Lascia perplessi l’ipotesi di Contratto Collettivo Nazionale Integrativo sulla formazione firmato il 19 novembre scorso da Miur e sindacati: invece di fare chiarezza una volta per tutte sulle modalità per introduce dei percorsi strutturali e innovativi di formazione e aggiornamento per tutto il personale docente, per introdurre una formula di dubbia interpretazione, attraverso la quale le opportunità di miglioramento delle conoscenze, utili a sviluppare una didattica più efficace, diventerebbero facoltative. Superando, però, la legge in vigore e anche le indicazioni dell’Unione Europea.
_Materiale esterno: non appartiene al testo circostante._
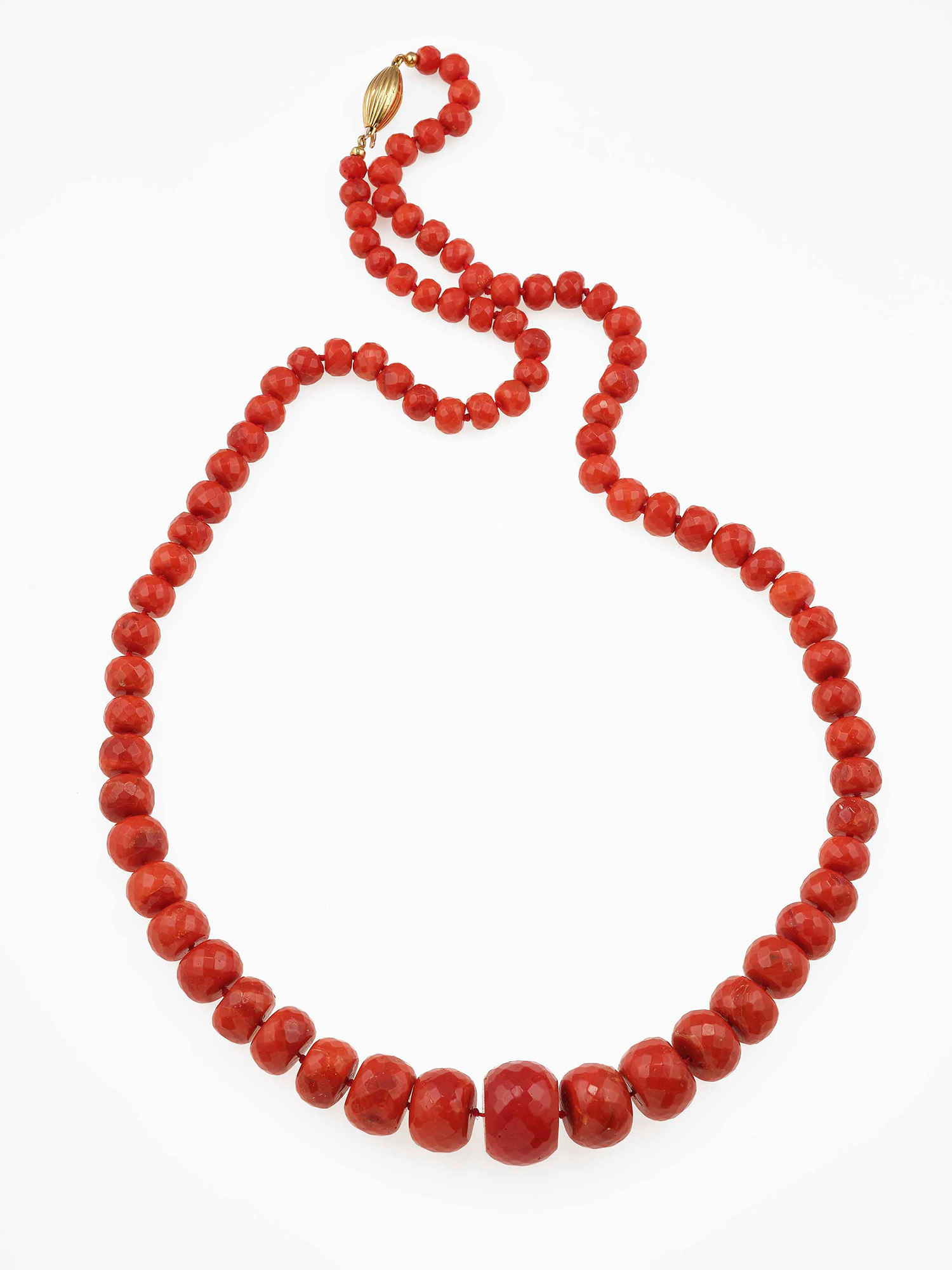 Collana lunga con corallo, fermezza in oro giallo 750/1000, gr. 165,0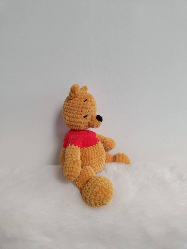 Schattig nostalgisch beertje gehaakt in zacht velvetgaren.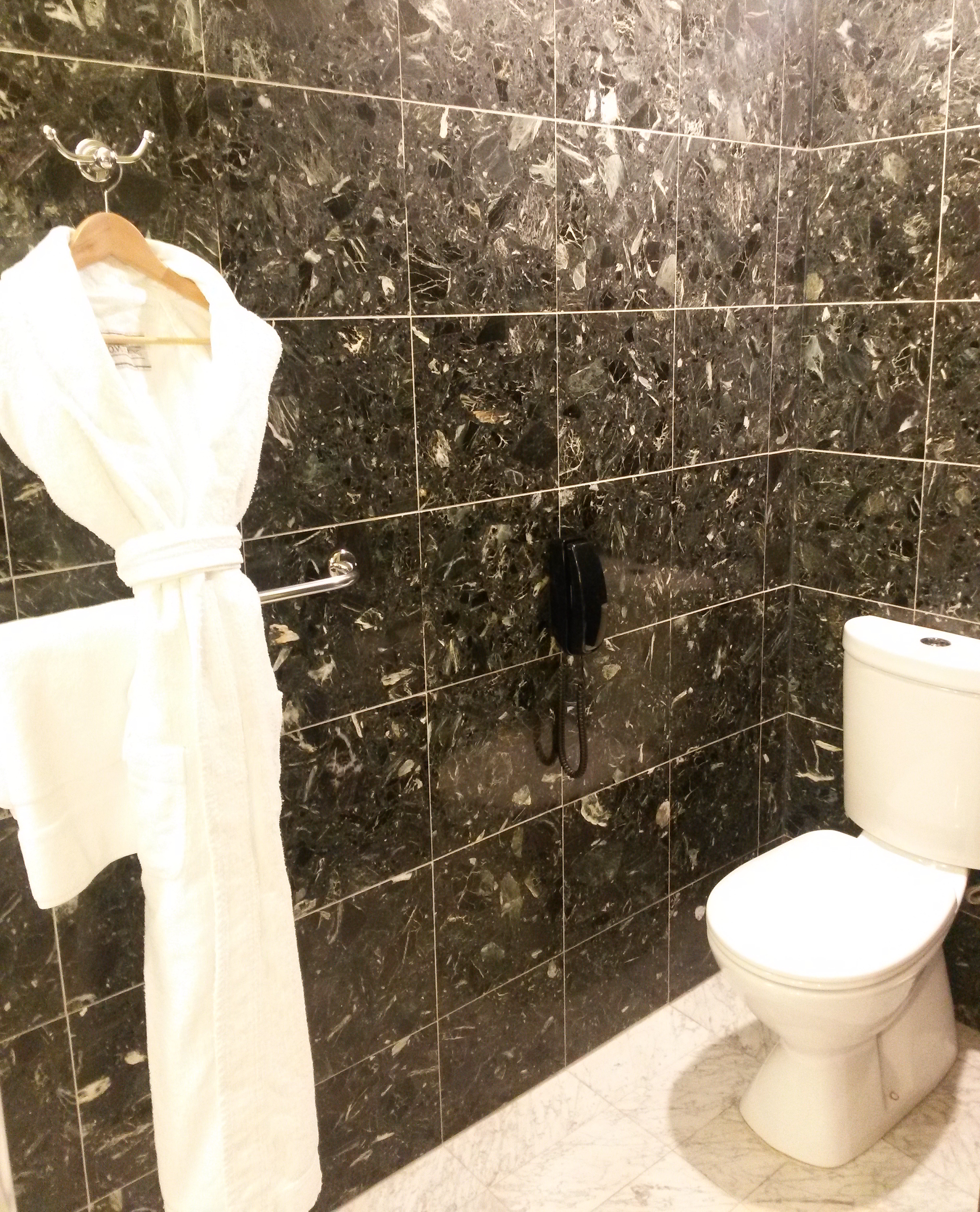 In the corner next to the door was the toilet and a bathrobe.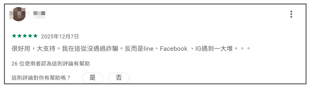 也有用户说:“没有政治网军,没有诈骗的高风险广告,后台大数据自动拦截诈骗分子和假账号,(这是)和大陆警方合作签署反诈的平台。时尚、穿搭、美食、旅游攻略、友善留言……想骗人的私人账号,被举报多次后,后台就会处理冻结,比脸书、IG安全太多。”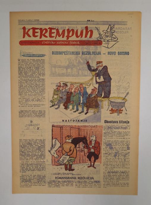 Časopis Kerempuh br. 219/1949.Glavni i odgovorni urednik: Fadil HadžićStranica: 4Dimenzije: 31.5x45Jezik: ZagrebPismo: LatinicaStanje: OdličnoUvez: MekiGodina: 1949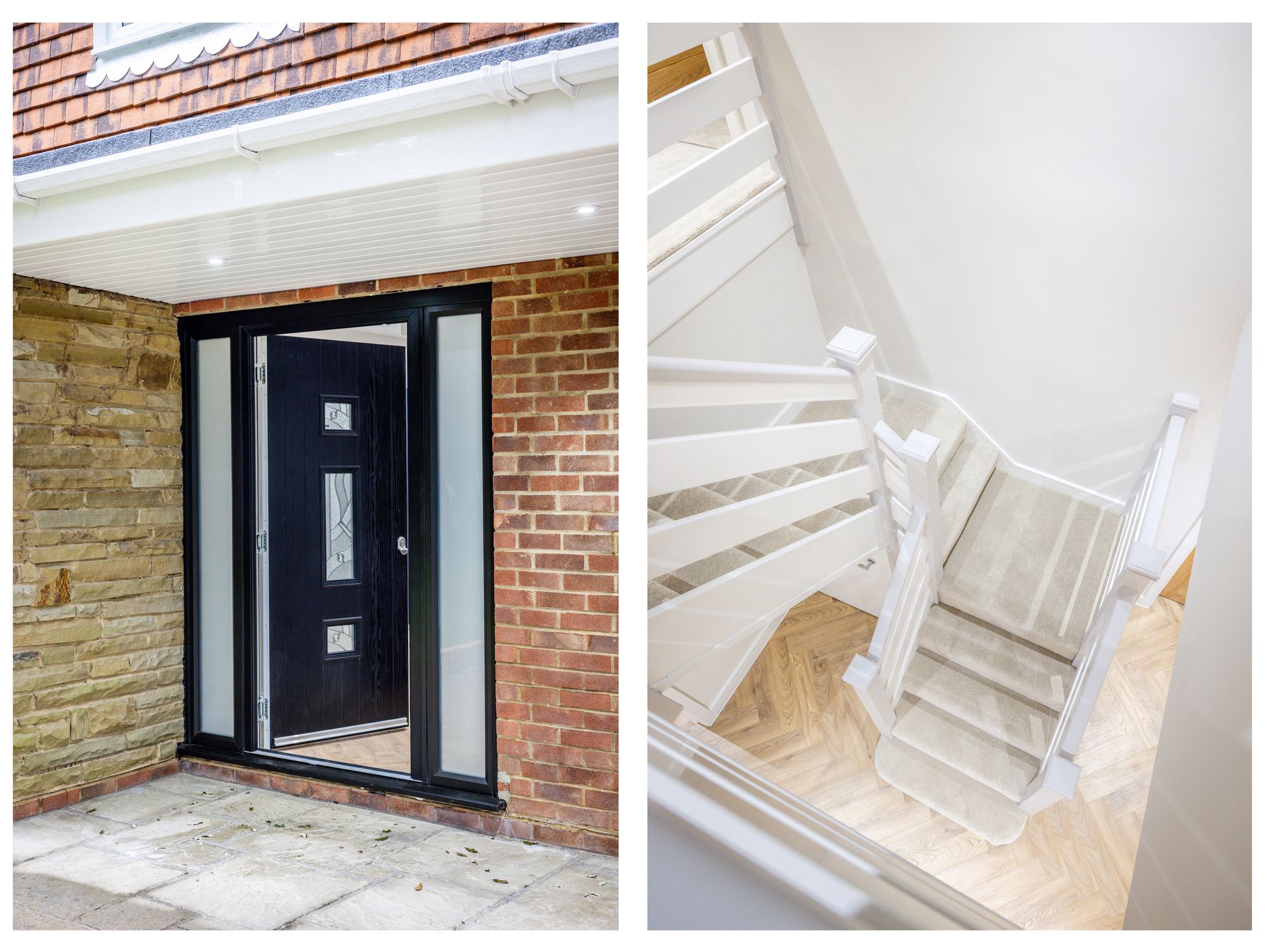 The property is approached via a large driveway with an attractive front garden, leading to the main entrance. Inside, a spacious entrance hall provides useful under stairs storage and a convenient ground floor W/C.
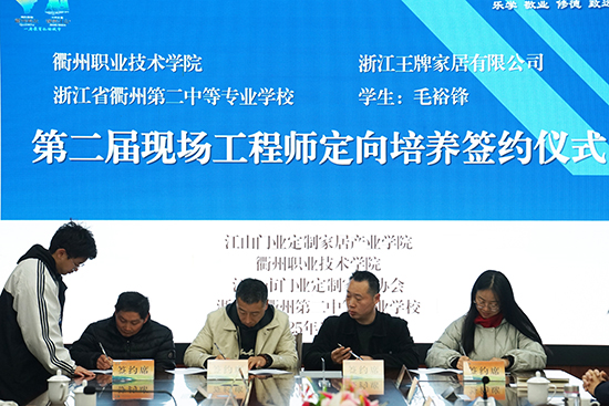 1月7日,衢州第二中等專業(yè)學(xué)校舉辦了家具設(shè)計(jì)與制作專業(yè)第二屆現(xiàn)場工程師定向培養(yǎng)簽約儀式。此次活動標(biāo)志著衢州第二中專、衢州職業(yè)技術(shù)學(xué)院與浙江王牌家居有限公司、浙江舒福家智能家居有限公司、浙江典尚木業(yè)有限公司、江山市多美歌門業(yè)有限公司深化合作,共同為家居行業(yè)培養(yǎng)專業(yè)技能扎實(shí)、綜合水平較高的現(xiàn)場工程師,以應(yīng)對行業(yè)對高素質(zhì)技術(shù)人才的迫切需求。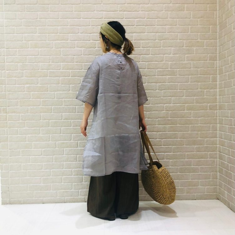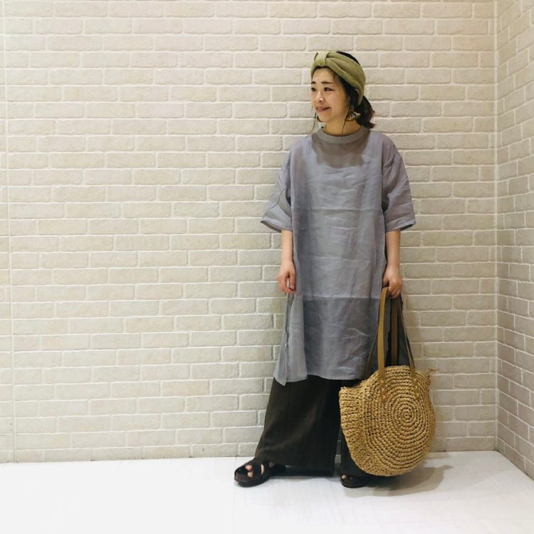 サラッとした、リネンチュニックを使った、大人のナチュラルコーデ。

Marcello Pacifico, presidente nazionale Anief: “I docenti italiani arrivano in cattedra dopo avere svolto quasi sempre una lunga gavetta e frequentato corsi formativi accademici. Per il sindacato, va prima di tutto incentivata la formazione iniziale: a tale scopo è stato chiesto, per i precari da immettere in ruolo, di introdurre un corso annuale universitario durante il quale svolgere attività di tirocinio retribuito. Sulla formazione del personale di ruolo, il comma 124 dell’art.1 della Buona Scuola definisce una condizione di perentorietà e di continuità, ma è di per sé ‘vuota’, poiché non prevede un limite orario. E comunque si tratta di adempimenti che vanno svolti in orario di servizio, quindi all’interno delle 40 annue ore previste dall’articolo 29 del Ccnl: al di fuori, scatterebbe l'esonero, visto che la retribuzione è più complicata da ottenere. In questi tre anni, però, c’è stata molta confusione su come comportarsi. Dal nuovo contratto ci saremmo aspettati delucidazioni, di vedere sciolti i dubbi. Invece si fa un passo indietro senza chiarire nulla. Non vorremmo che vi sia solo l’intento solito di risparmiare a scapito dei lavoratori”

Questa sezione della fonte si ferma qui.